Agia Marina (Αγία Μαρίνα (Σκυλλούρας); Gürpınar) is a village in Cyprus, situated 24 km west of Nicosia. It takes its name from Marina the Monk, the Christian saint of Byzantine Syria. De facto, Agia Marina is under the control of Northern Cyprus.

==History==
By 1963, Agia Marina had a mixed population that reportedly comprised 400 Maronites and 65 Turkish Cypriots. In January 1964, during the Cyprus crisis of 1963–64, the Turkish Cypriots of Agia Marina fled to the Turkish enclave of Nicosia. During the Turkish invasion of Cyprus, all Maronites moved to the south of the island, mainly to Kotsiatis, and the name of the village was changed to Gürpınar, meaning “strong, powerful spring” in Turkish.
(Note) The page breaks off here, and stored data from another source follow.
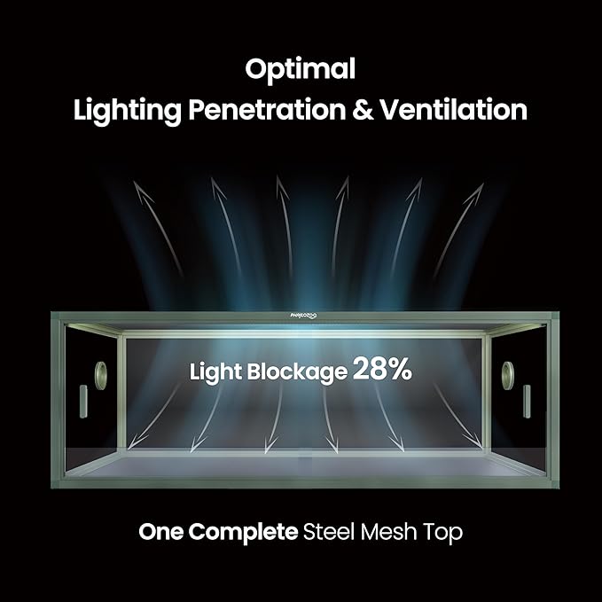- 【Highly Adaptive】Well-lit screen top with only 28% blockage. Compatible with many reptile accessories and equipment, such as heat lamps for reptiles, reptile humidifiers, reptile misters, reptile foggers, reptile UVA and UVB. Our reptile terrarium is great for holding temps and humidity.
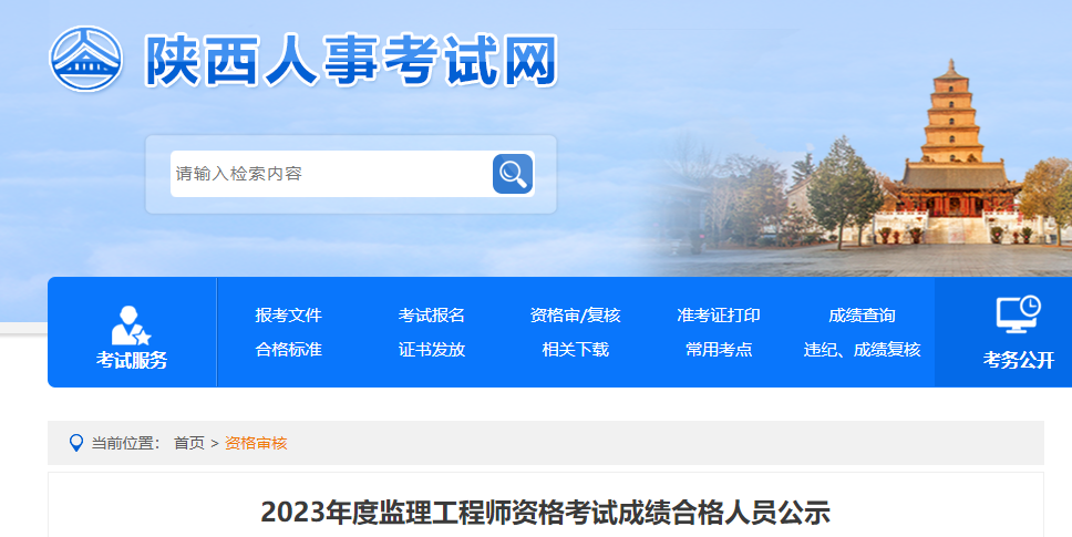 7月21日,陕西人事考试网发布了“2023年度监理工程师资格考试成绩合格人员公示”,公示期为2023年7月21日至2023年7月30日。
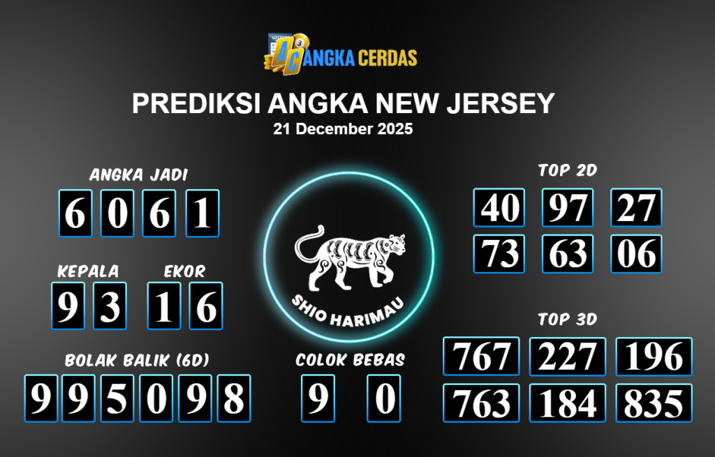 Angka Cerdas : Bocoran Prediksi Togel NEW JERSEY Tanggal 21 Desember 2025
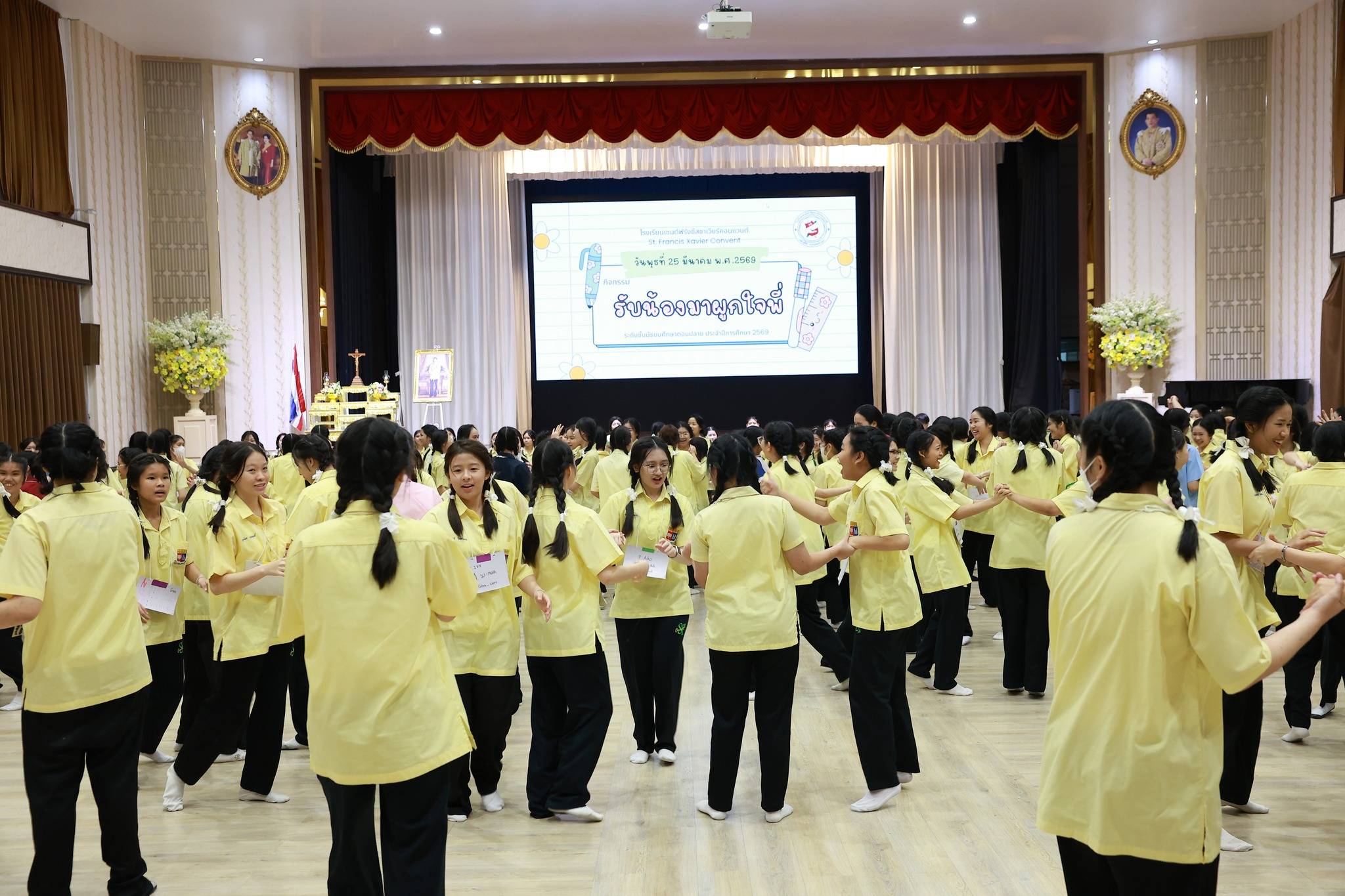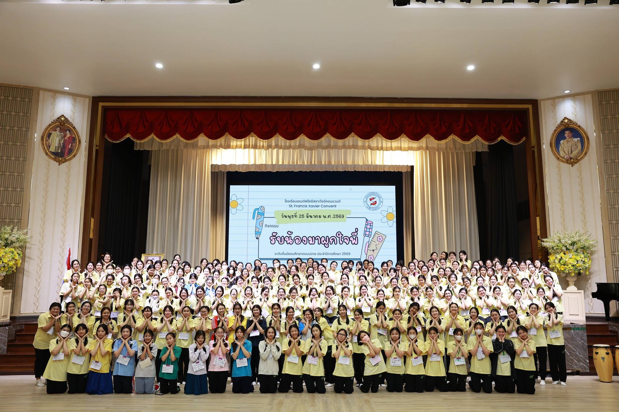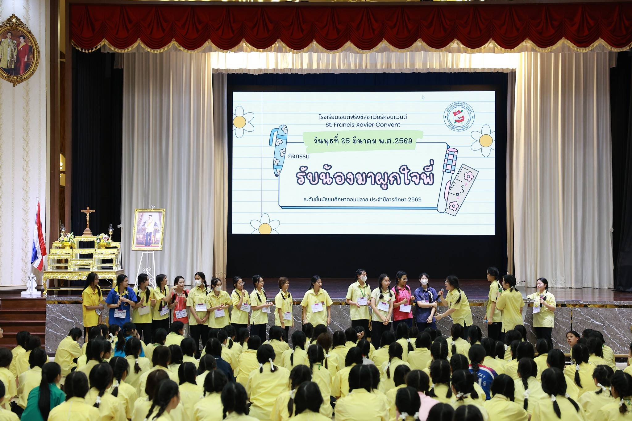 ฝ่ายกิจการนักเรียนร่วมกับฝ่ายวิชาการจัดกิจกรรม “รับน้องมาผูกใจพี่” ขึ้นเพื่อเป็นการปฐมนิเทศนักเรียนชั้นมัธยมศึกษาปีที่ 4 และสร้างความสัมพันธ์ที่ดีระหว่างเพื่อน รุ่นพี่-รุ่นน้องในระดับชั้นมัธยมศึกษาปีที่ 4 – 6 จัดขึ้น ณ หอประชุมโรงเรียน เมื่อวันที่ 25 มีนาคม 2569 เริ่มต้นกิจกรรมด้วยวจนพิธีกรรม และการให้โอวาทจากท่านอธิการิณี เซอร์มารี หลุยส์ พรฤกษ์งาม และเซอร์ชอง บัปติส เดอ ลาซาล ว่องไว จากนั้นก็ได้รับฟังการปฐมนิเทศจากฝ่ายรักษาระเบียบวินัย และฝ่ายวิชาการ ต่อด้วยกิจกรรมจากพี่ๆ ม.6 ที่หากิจกรรมมาทำร่วมกับน้องๆ ม.4 และ ม.5 ปิดท้ายด้วยการรับน้อง ม.4 เข้าสู่ชั้นมัธยมศึกษาตอนปลาย โดยพี่ๆ ชั้น ม.5 และ ม.6 กิจกรรมวันนี้เป็นเพียงกิจกรรมเริ่มต้นในการสร้างความสัมพันธ์และก่อเกิดความผูกพันระหว่างรุ่นพี่-รุ่นน้องเซนต์ฟรังฯ ด้วยกัน และจะเป็นจุดเริ่มต้นของความสนิทสนม ความช่วยเหลือเกื้อกูลกันนับจากนี้เป็นต้นไป
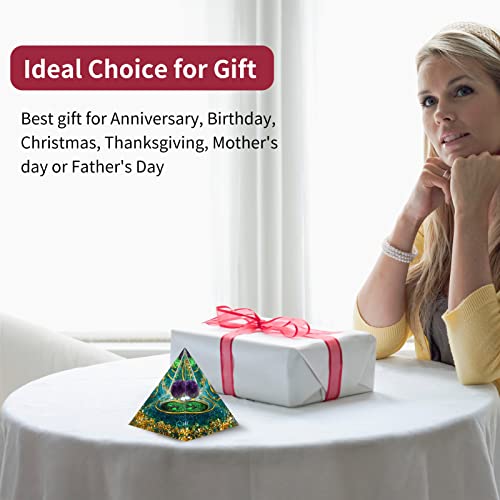 MXiiXM Orgone Pyramid for Positive Energy, Amethyst Crystal Ball Handmade Pyramid, Protection Crystals Energy Generator for Stress Reduce Healing Meditation Attract Wealth Lucky (Spiral Tree of Life)

From 1974 onwards, Agia Marina has been used as a Turkish military camp, while its original inhabitants were not allowed to enter the village, despite the 2003 relaxations on inter-communal movement.

On a nearby hill, a statue of Kemal Atatürk, the founder of modern Turkey, has been erected. In 2016, the re-construction of the Gürpınar mosque, damaged in the 1953 earthquake, began.

By March 2017, as the Turkish Cypriot Yeniduzen newspaper reported, the Turkish Army began moving out of the village, ostensibly with the purpose of allowing former residents to move in, though no specific timetable for resettlement was given. The chairman of the "Gurpinar (Ayia Marina) solidarity society" Mehmet Hoca stated that "the decision was taken three and a half years ago by the Turkish Cypriot authorities" in order to enable the villagers to "live together."

==Festivities==
A Mushroom Fest is organised regularly in the village.